• [Work to be completed]
Transcribe the records below word for word, beginning with the first line and stopping after the line that contains "2023全年,Tarsus Pharma"; pictures are not part of the copy.

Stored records
^^^^^^^^
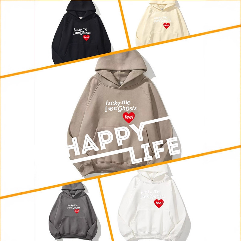 插肩袖双层帽高街印花潮牌卫衣情侣连帽衫logo男女卫衣秋冬连帽衫
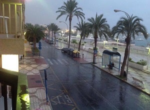 La lluvia no ha querido retirarse del todo de la comarca del Levante almeriense y cumpliendo las predicciones y después de una noche tormentosa en numerosos municipios, hoy sigue lloviendo. Bastante, pero sin 'tormenta' a estas horas. No obstante, la alerta amarilla por este fenómeno meteorológico sigue activa. La Agencia Estatal de Meteorología ha prolongado el aviso hasta las seis de la mañana de mañana domingo. Vera, en plena Feria y después de haber tenido que suspender su primera corrida de toros el pasado jueves, ha pospuesto el concierto de esta noche de Medina Azahara para el próximo jueves 2 de octubre. La corrida de esta tarde aún está en duda. No se han producido incidencias de consideración por la lluvia en la zona. Eso sí, la vigilancia y la precaución siguen vigentes. Desde la página Web 'Garrucha en Almería= Un pueblo Comercial, Competente y Precioso' llegaban imágenes como la que acompaña este artículo del inicio de la tormenta de anoche en el pueblo.
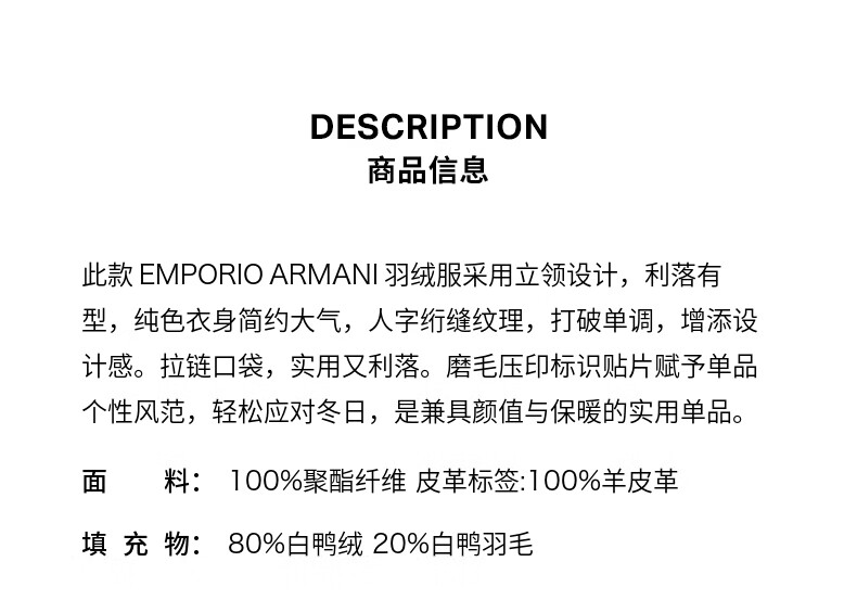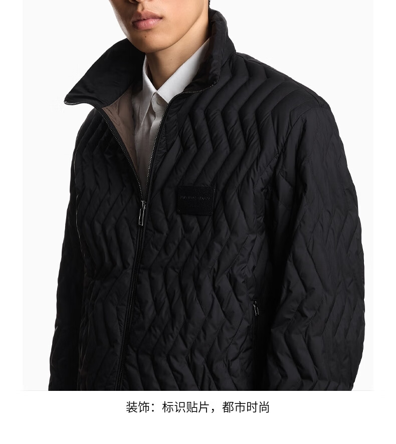 EMPORIO ARMANI/阿玛尼官方旗舰新款男士80白鸭绒短款轻薄羽绒服外套冬季 UC001-黑色 52 (XL) (推荐:165-180斤)
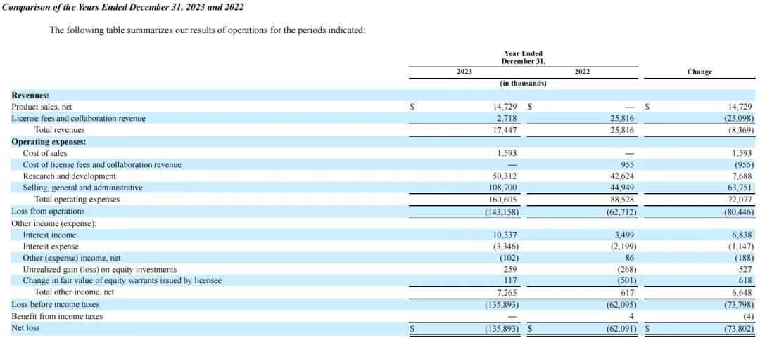 2023全年,Tarsus Pharmaceuticals总收入1740万美元,其中XDEMVY(lotilaner滴眼液0.25%)产品业绩为1470万美元(8月下旬推出后大约四个月的销售额);全年R&D费用为5030万美元;SG&A费用为1.087亿美元;净亏损为1.359亿美元。自从8月份推出之后,XDEMVY(lotilaner滴眼液0.25%)在整个2023年开出了大约17400张处方。
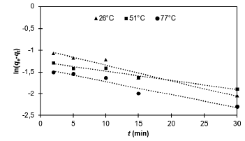 De acordo com Oliveira LMTM et al.[17], a cinética da adsorção de diesel em fibras de algodão é melhor representada modelo de pseudo-segunda ordem, pois o modelo era capaz de reproduzir bem a adsorção rápida no algodão onde o equilíbrio foi alcançado em 30 min, embora não represente fielmente os instantes iniciais do processo. O ajuste dos dados ao modelo cinético de pseudo-primeira ordem pode ser observado na Figura 5. No modelo de pseudo-segunda ordem, qe é uma constante encontrada a partir do ajuste linear dos dados, já para implementação do modelo de pseudo-primeira necessita-se o conhecimento prévio do valor de qe no equilíbrio. Neste estudo esse valor foi estabelecido como sendo o do último ponto analisado aos 75 min, conforme proposto por Oliveira LMTM et al.[17] em seus estudos.
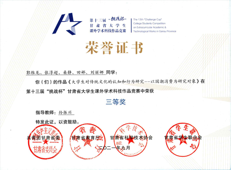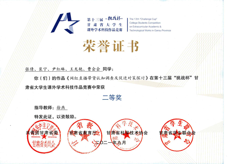 近日,我院学子在第十三届“挑战杯”甘肃省大学生课外学术科技作品竞赛中荣获优异成绩,由徐燕老师指导的作品荣获二等奖,由孙振兴老师指导的作品荣获三等奖。
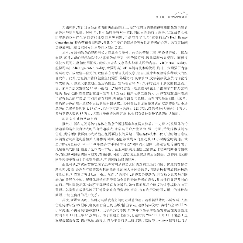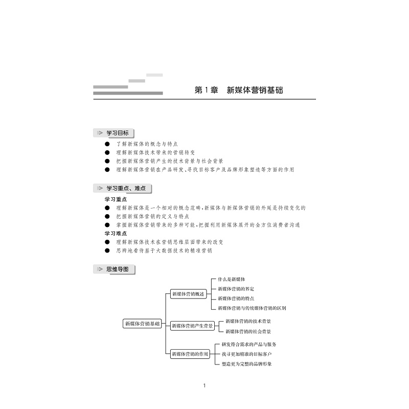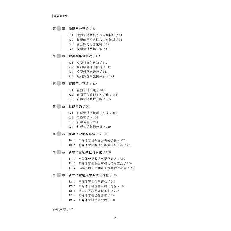 新媒体营销是财经商贸类专业的核心课程。随着新媒体技术的发展,新媒体被越来越多的企业和个人作为营销活动的重要载体,市场前景广阔。社会对新媒体营销高技能人才的需求巨大,对能及时反映新媒体营销新技术、新方法、新标准的教材的需求日益迫切。本书贯彻落实《国家中长期教育改革和发展规划纲要(2022-2022)》文件精神,全面提升本科教材质量,充分发挥教材在提高人才培养质量中的基础性作用,采用理论与案例相结合的方式,通过十三章全方位地介绍了新媒体营销的理论策略和实操过程,从而帮助读者快速了解新媒体营销知识,全面掌握新媒体营销技能。
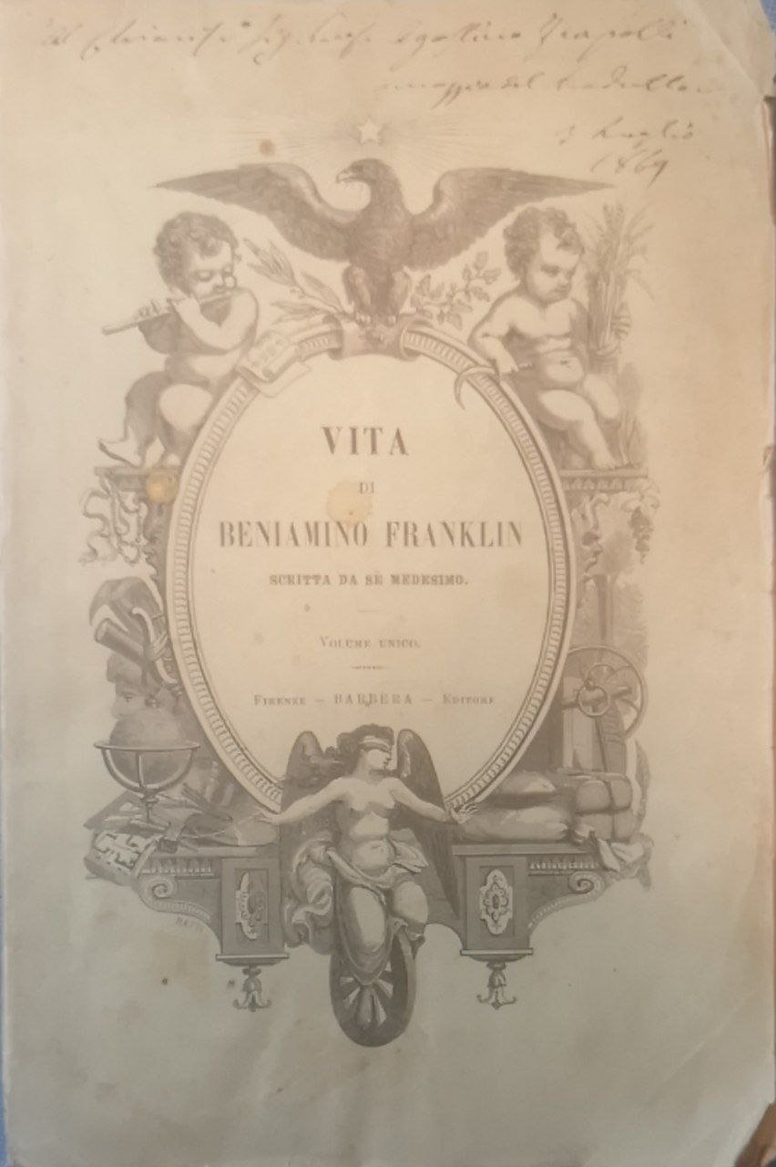 In-16 gr., brossura editoriale illustrata (presente una dedica a penna datata 1869), pp. XV, 300, presente un ritratto in incisione di Benjamin Franklin, buon esemplare.<br>
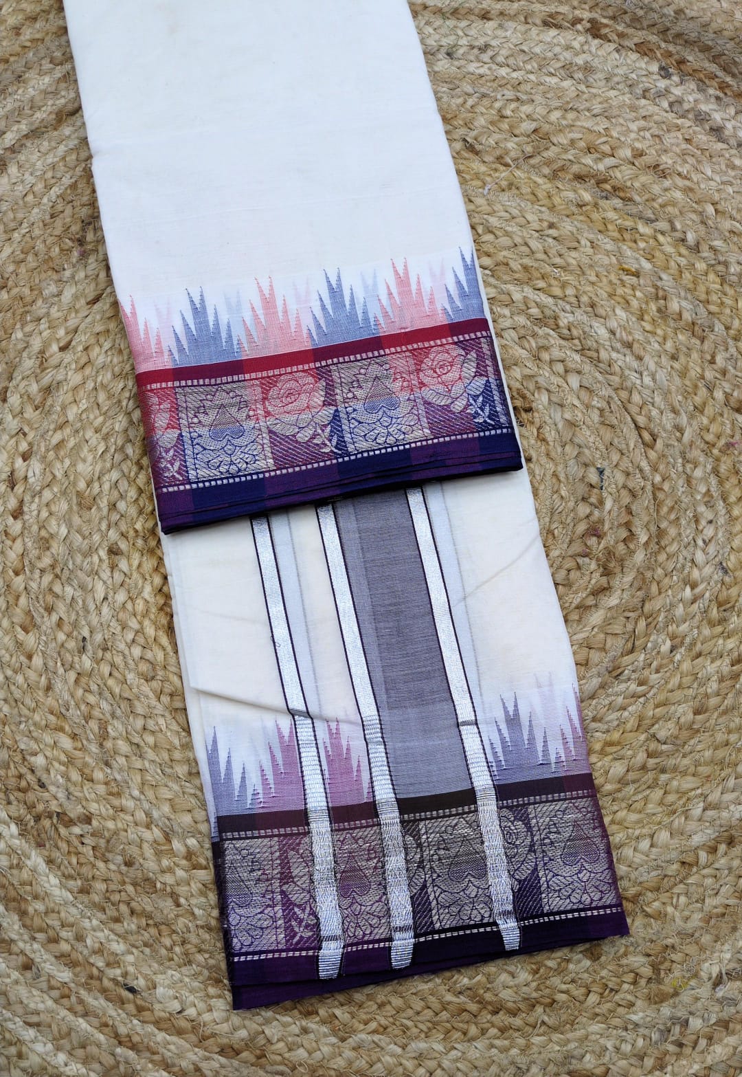 - A 9×5 pure zari border dhoti
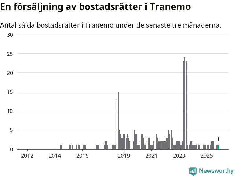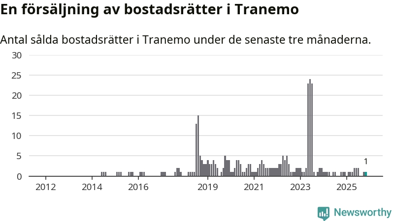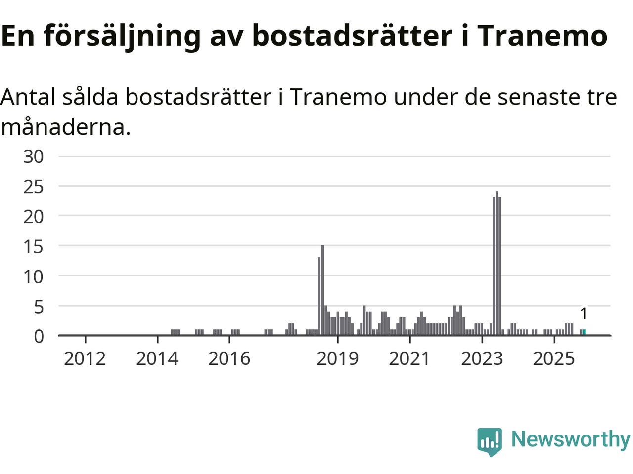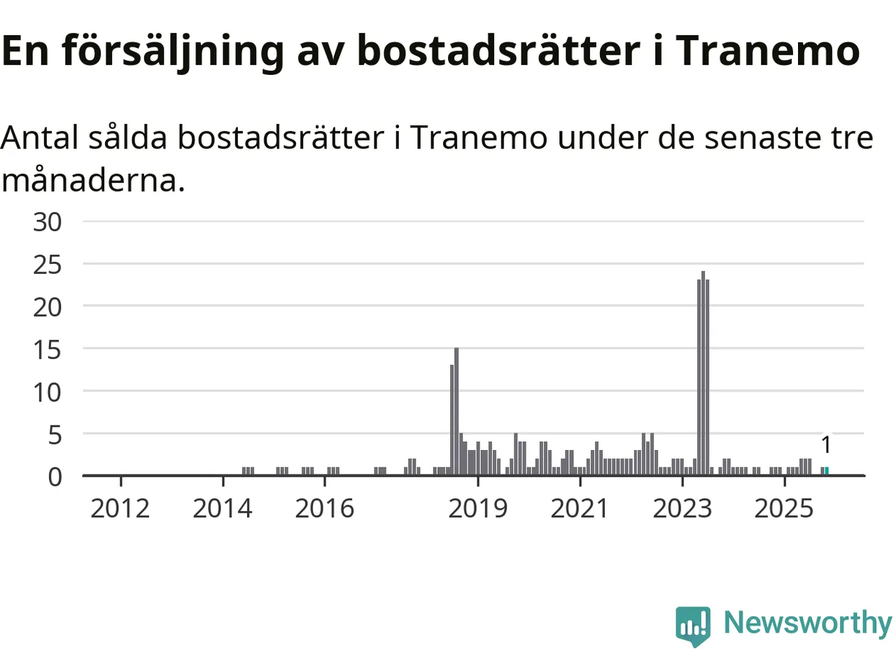 Mellan september och november gjordes sammanlagt en affär med bostadsrätter i Tranemo kommun. Det är lika många affärer som vid motsvarande tid i fjol.
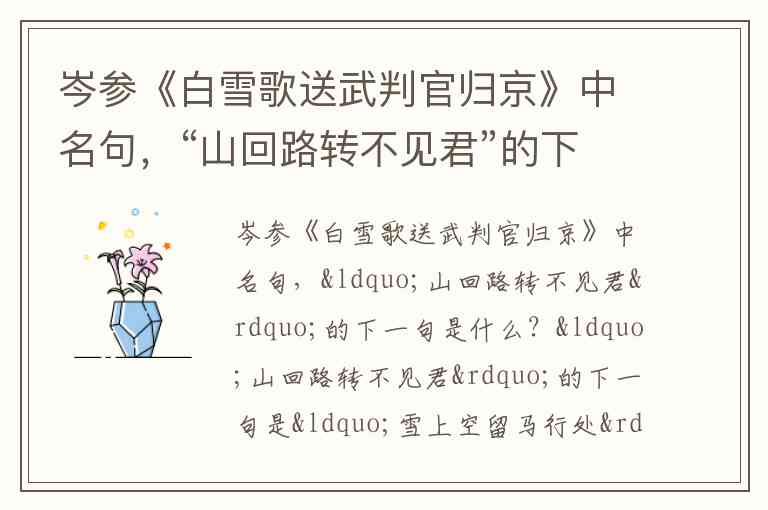 “山回路转不见君”的下一句是“雪上空留马行处”。这两句诗出自岑参《白雪歌送武判官归京》的结尾部分,通过描绘友人身影消失在山路转弯处后,雪地上只留下马蹄印的场景,将送别时的惆怅与边塞雪景的苍茫融为一体,以留白手法传递出余味悠长的离情别绪。全诗以奇丽的雪景起笔,以含蓄的目送作结,成为盛唐边塞诗中情景交融的典范。
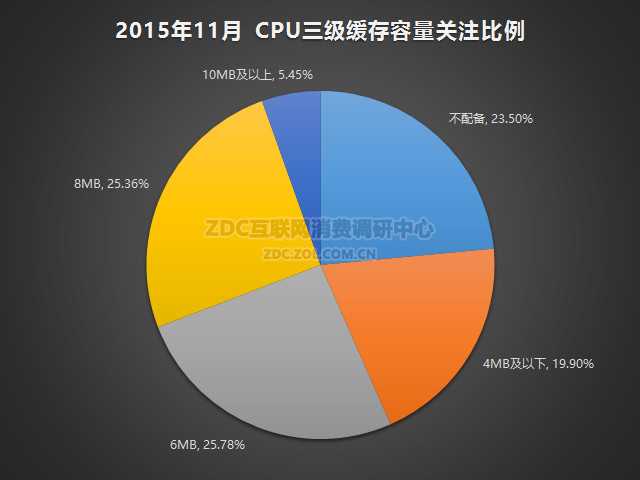 ZDC数据显示,2015年11月中国桌面级CPU市场上,接近80%的用户关注CPU的三级缓存容量,三级缓存容量为6MB的产品关注比例为25.78%,8MB三级缓存的关注比例为25.36%,4MB及以下的关注度占比为19.90%,10MB及以上占比5.45%。不配备三级缓存的CPU产品关注比例只有23.50%。
^^^^^^^^
• [Reply to the task]
 插肩袖双层帽高街印花潮牌卫衣情侣连帽衫logo男女卫衣秋冬连帽衫
 La lluvia no ha querido retirarse del todo de la comarca del Levante almeriense y cumpliendo las predicciones y después de una noche tormentosa en numerosos municipios, hoy sigue lloviendo. Bastante, pero sin 'tormenta' a estas horas. No obstante, la alerta amarilla por este fenómeno meteorológico sigue activa. La Agencia Estatal de Meteorología ha prolongado el aviso hasta las seis de la mañana de mañana domingo. Vera, en plena Feria y después de haber tenido que suspender su primera corrida de toros el pasado jueves, ha pospuesto el concierto de esta noche de Medina Azahara para el próximo jueves 2 de octubre. La corrida de esta tarde aún está en duda. No se han producido incidencias de consideración por la lluvia en la zona. Eso sí, la vigilancia y la precaución siguen vigentes. Desde la página Web 'Garrucha en Almería= Un pueblo Comercial, Competente y Precioso' llegaban imágenes como la que acompaña este artículo del inicio de la tormenta de anoche en el pueblo.
 EMPORIO ARMANI/阿玛尼官方旗舰新款男士80白鸭绒短款轻薄羽绒服外套冬季 UC001-黑色 52 (XL) (推荐:165-180斤)
 2023全年,Tarsus Pharmaceuticals总收入1740万美元,其中XDEMVY(lotilaner滴眼液0.25%)产品业绩为1470万美元(8月下旬推出后大约四个月的销售额);全年R&D费用为5030万美元;SG&A费用为1.087亿美元;净亏损为1.359亿美元。自从8月份推出之后,XDEMVY(lotilaner滴眼液0.25%)在整个2023年开出了大约17400张处方。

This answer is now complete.